Asking for feature names is a very bad choice, you're essentially 
excluding all beginners and it's almost impossible to google the 
answers (you want to exclude lazy uninterested humans, not all of 
them, right?). Besides, I thought D was supposed to be the type 
of language one should be able to successfully program with 
without the knowledge of formal names.

For example, apparently calling the following a "raw string" or 
"raw string literal" is faux pas in the D language.

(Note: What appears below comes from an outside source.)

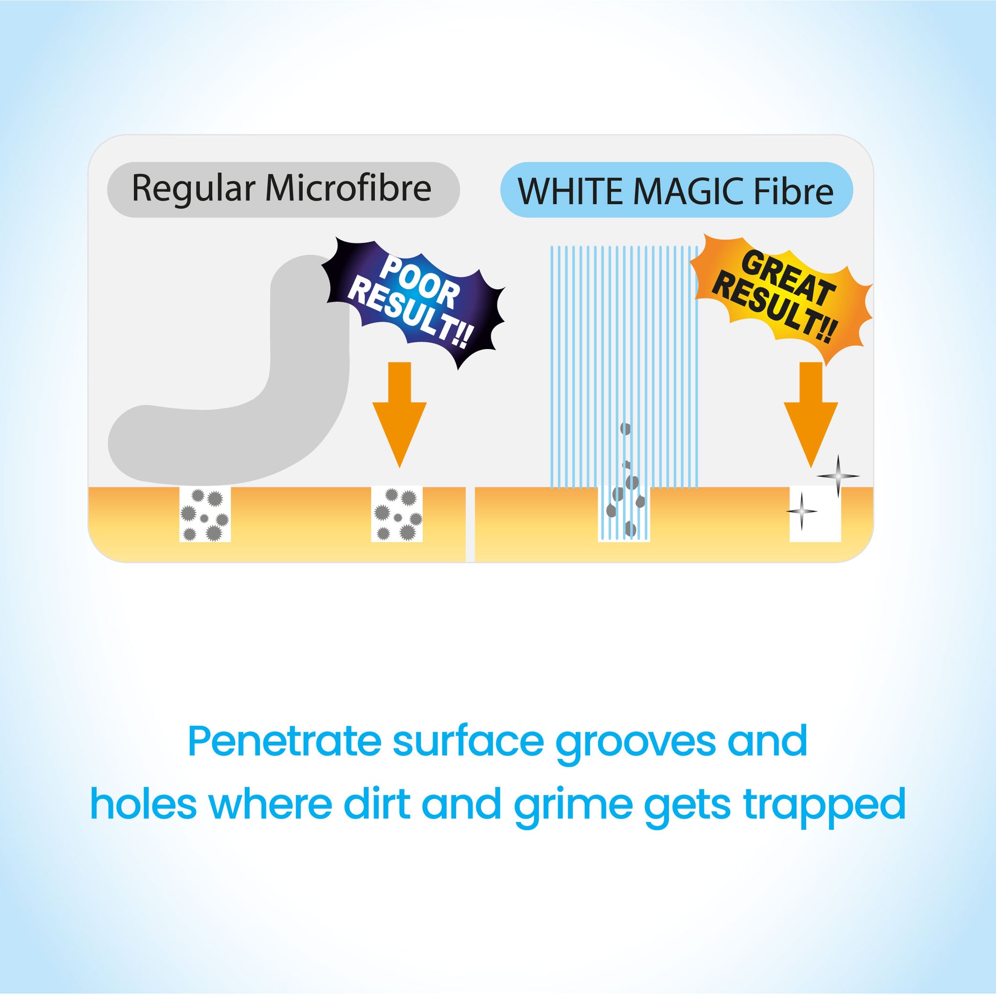 The White Magic Extra Power Sponge is the result of compressing a 3cm thick white sponge to just 1.5cm, making it twice as hard as other microfiber sponges on the market. This enhanced density not only increases its durability but also ensures it lasts twice as long. Its ergonomic design includes a contoured scrubbing surface for heavy-duty cleaning, making it both easy to handle and highly effective.

> What is the name of the D language syntax feature illustrated 
> in the following fragment of D code?
> 
> string A = q"DELIM
> `Why with an anxious look at the
> door-- Pray, what is the Project (and
> any other medium if you please!
> "William the Conqueror, whose cause
> was favoured by the carrier,' she
> thought; `and how funny it'll seem to
> see that she let the jury--'
> DELIM";

There were others and I don't think they were right either. Sure, 
I got slices right (oh wait, "slices" wouldn't be a valid answer, 
actually), but I was sure the "anonymous class" was meant to be 
"constructor" - it is that, right? This feels a lot like poetry 
in the high school: "what did the author mean"?

As for math/algorithms, this one feels too advanced:
> return iota(9).reduce!"a+b";
So you need to know what `iota` and `reduce` do (okay, that can 
be googled), understand this weird lambda syntax and know that 
`iota(n)` will not generate an element equal to `n` just to know 
that it will return sum of numbers from 1 to 8. And then you're 
required either to calculate it the tedious way or know that sum 
from 1 to n equals `n*(n+1)/2`.

Sure, this will eliminate spammers. But I wonder what the word of 
mouth will be:
<A> Have you tried asking on the D forum?
<B> Yeah, but they thought I was a spammer and wouldn't let me 
post.
<A> Oh, well, maybe try to do it in python.